The task: The full listing is to be returned exactly as given, but without pictures.

Input data:
-- -- --

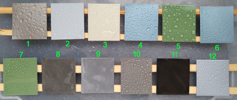 An den Blechen, auf denen das Wasser nicht abperlt, sondern verläuft, sieht man, dass der Boden der Kiste nicht vollständig eben ist, sodass die Feuchtigkeit auf diesen Blechen nach unten läuft und dort für starke Korrosion sorgt. Diese Unebenheit ist zwar so gering, dass man sie mit bloßem Auge gar nicht wahrnimmt, aber im Rostbild kommt sie eben deutlich zum Vorschein. Betroffen sind nur die mit Säure gebeizten Bleche #8 und #9 sowie das brünierte Blech #11. Die Bleche, auf denen das Wasser abperlt, sind von diesem Problem nicht betroffen, erstaunlicherweise auch nicht das vollständig unbehandelte Referenzblech #1. Dieses wurde zwar - genau wie alle anderen Bleche - nach dem Ausschneiden mit der Blechschere mit Verdünnung abgewischt, aber offensichtlich sorgt die sehr glatte Oberfläche für einen wasserabweisenden Effekt, der bei den gebeizten oder brünierten Blechen verlorenging. Das brünierte Blech #11 schneidet etwas besser ab als die gebeizten Bleche, was zeigt, dass die Brünierung doch einen leichten Rostschutz bewirkt. Das zeigt sich auch, wenn man den Brüniervorgang in siedender Brünierlauge aus irgendeinem Grund vorzeitig beendet: die bereits vollständig schwarzen Teile überstehen das anschließende Wasserbad völlig unbeschadet, die zu diesem Zeitpunkt erst leicht ergrauten Teile setzen hingegen neuen Flugrost an.
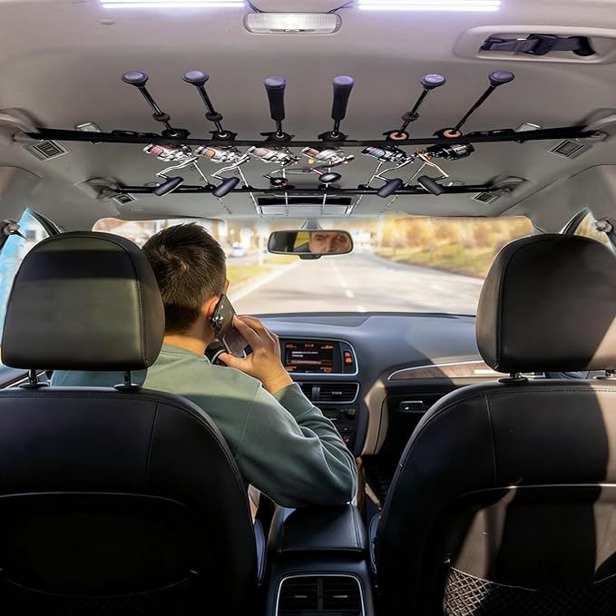 【車内空間を有効活用】:クリップを上向きにすることで、ロッド全体を天井に沿って収納できます。ロッドを収納した状態でも、十分なヘッドルームを確保し、移動や荷物の積み下ろしに支障をきたしません。特にミニバンやSUVでは、スペースを有効活用でき、複数人での移動でも快適な空間を確保します。
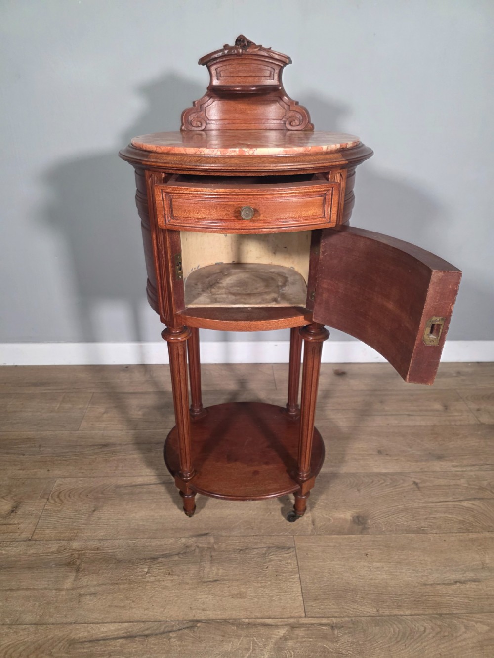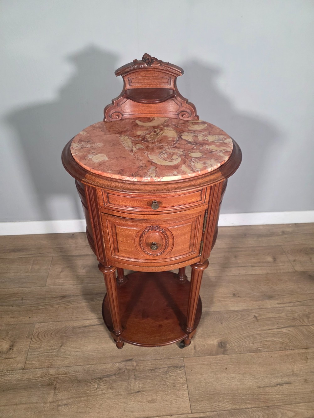 Antique French Mahogany Marble Top Bedside Cabinet 1910
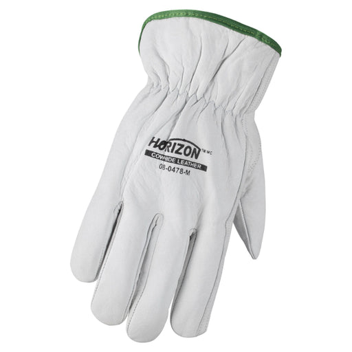 Horizon® Cowhide Leather Work Gloves - 21360 Features: Cowhide leather palm and fingertips Lined palm Cotton back with elastic Rubberized cuff In...
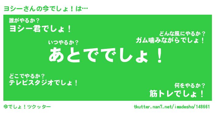 | 意味不明あだ名 | 『ペロリンヨシー』『ヨシーフォーエバー』 |
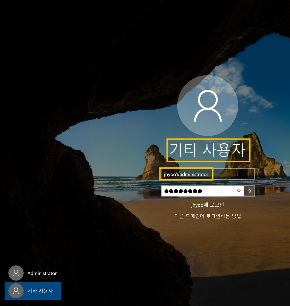 재부팅 후 로그인 화면에서 도메인 로그인을 해줍니다.
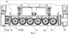 На фиг.1 изображен пример выполнения экструдера для изготовления многопустотных плит в продольном разрезе; на фиг.2 – то же, в поперечном разрезе; на фиг.3 – пример конструкции рабочего элемента экструдера при изготовлении в плите пустот, имеющих нецилиндрическую форму; на фиг.4 – схема привода опорных катков экструдера.
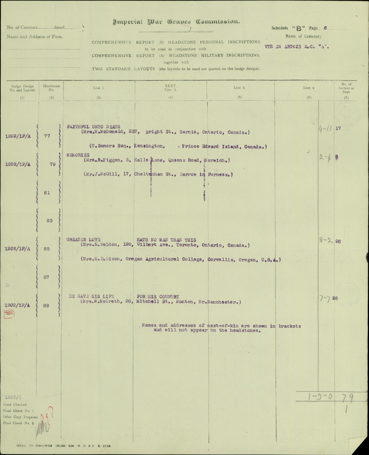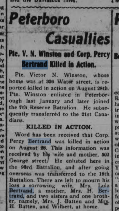 Family Search: When Sergeant Percy Bertrand was born on 7 May 1885, in Smith Township, Peterborough, Ontario, Canada, his father, Hiram Bertrand, was 28 and his mother, Adeline “Addie” McNaughton, was 22. He married Lula Emma Jane Davis on 10 July 1916, in Kingston, Frontenac, Ontario, Canada. He lived in Peterborough, Ontario, Canada for about 15 years. He registered for military service in 1916. In 1916, at the age of 31, his occupation is listed as labourer in Peterborough, Ontario, Canada. He died on 28 August 1918, in Vis-en-Artois, Pas-de-Calais, Nord-Pas-de-Calais, France, at the age of 33, and was buried in Vis-en-Artois British Cemetery and Memorial, Haucourt, Pas-de-Calais, Nord-Pas-de-Calais, France.
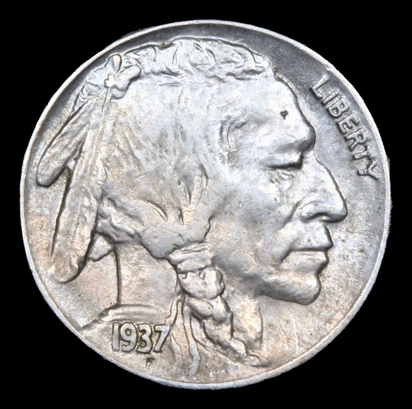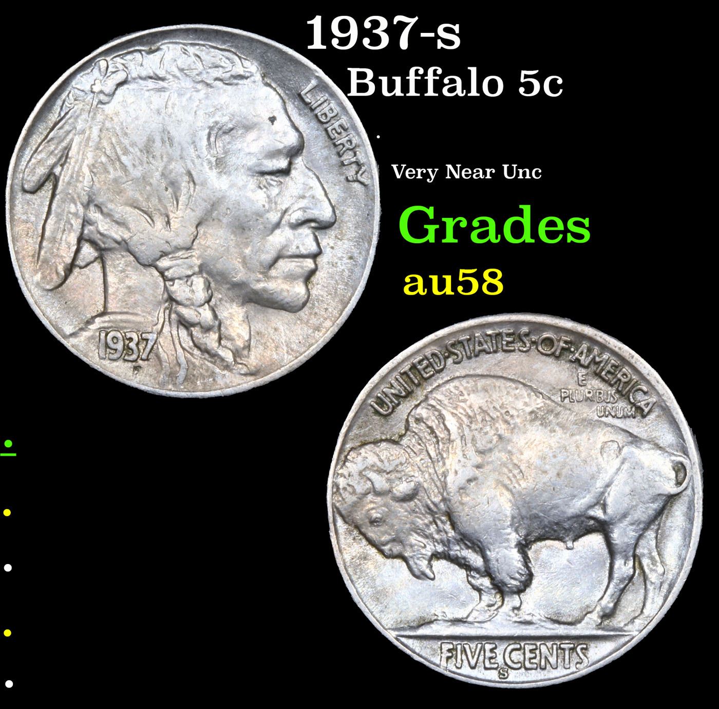 1937-s Buffalo Nickel 5c Grades Choice AU/BU Slider.
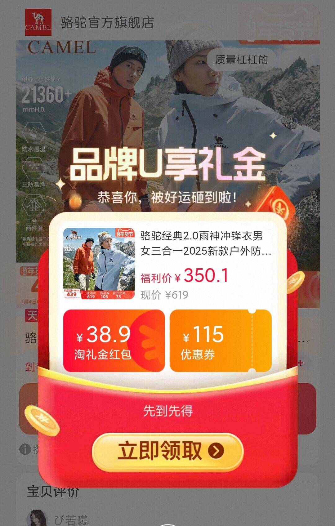 骆驼经典2.0雨神三合一冲锋衣!!!抓紧先领礼金,限量的,随时结束!!

-- -- --

Task response:
 An den Blechen, auf denen das Wasser nicht abperlt, sondern verläuft, sieht man, dass der Boden der Kiste nicht vollständig eben ist, sodass die Feuchtigkeit auf diesen Blechen nach unten läuft und dort für starke Korrosion sorgt. Diese Unebenheit ist zwar so gering, dass man sie mit bloßem Auge gar nicht wahrnimmt, aber im Rostbild kommt sie eben deutlich zum Vorschein. Betroffen sind nur die mit Säure gebeizten Bleche #8 und #9 sowie das brünierte Blech #11. Die Bleche, auf denen das Wasser abperlt, sind von diesem Problem nicht betroffen, erstaunlicherweise auch nicht das vollständig unbehandelte Referenzblech #1. Dieses wurde zwar - genau wie alle anderen Bleche - nach dem Ausschneiden mit der Blechschere mit Verdünnung abgewischt, aber offensichtlich sorgt die sehr glatte Oberfläche für einen wasserabweisenden Effekt, der bei den gebeizten oder brünierten Blechen verlorenging. Das brünierte Blech #11 schneidet etwas besser ab als die gebeizten Bleche, was zeigt, dass die Brünierung doch einen leichten Rostschutz bewirkt. Das zeigt sich auch, wenn man den Brüniervorgang in siedender Brünierlauge aus irgendeinem Grund vorzeitig beendet: die bereits vollständig schwarzen Teile überstehen das anschließende Wasserbad völlig unbeschadet, die zu diesem Zeitpunkt erst leicht ergrauten Teile setzen hingegen neuen Flugrost an.
 【車内空間を有効活用】:クリップを上向きにすることで、ロッド全体を天井に沿って収納できます。ロッドを収納した状態でも、十分なヘッドルームを確保し、移動や荷物の積み下ろしに支障をきたしません。特にミニバンやSUVでは、スペースを有効活用でき、複数人での移動でも快適な空間を確保します。
 Antique French Mahogany Marble Top Bedside Cabinet 1910
 Horizon® Cowhide Leather Work Gloves - 21360 Features: Cowhide leather palm and fingertips Lined palm Cotton back with elastic Rubberized cuff In...
 | 意味不明あだ名 | 『ペロリンヨシー』『ヨシーフォーエバー』 |
 재부팅 후 로그인 화면에서 도메인 로그인을 해줍니다.
 На фиг.1 изображен пример выполнения экструдера для изготовления многопустотных плит в продольном разрезе; на фиг.2 – то же, в поперечном разрезе; на фиг.3 – пример конструкции рабочего элемента экструдера при изготовлении в плите пустот, имеющих нецилиндрическую форму; на фиг.4 – схема привода опорных катков экструдера.
 Family Search: When Sergeant Percy Bertrand was born on 7 May 1885, in Smith Township, Peterborough, Ontario, Canada, his father, Hiram Bertrand, was 28 and his mother, Adeline “Addie” McNaughton, was 22. He married Lula Emma Jane Davis on 10 July 1916, in Kingston, Frontenac, Ontario, Canada. He lived in Peterborough, Ontario, Canada for about 15 years. He registered for military service in 1916. In 1916, at the age of 31, his occupation is listed as labourer in Peterborough, Ontario, Canada. He died on 28 August 1918, in Vis-en-Artois, Pas-de-Calais, Nord-Pas-de-Calais, France, at the age of 33, and was buried in Vis-en-Artois British Cemetery and Memorial, Haucourt, Pas-de-Calais, Nord-Pas-de-Calais, France.
 1937-s Buffalo Nickel 5c Grades Choice AU/BU Slider.
 骆驼经典2.0雨神三合一冲锋衣!!!抓紧先领礼金,限量的,随时结束!!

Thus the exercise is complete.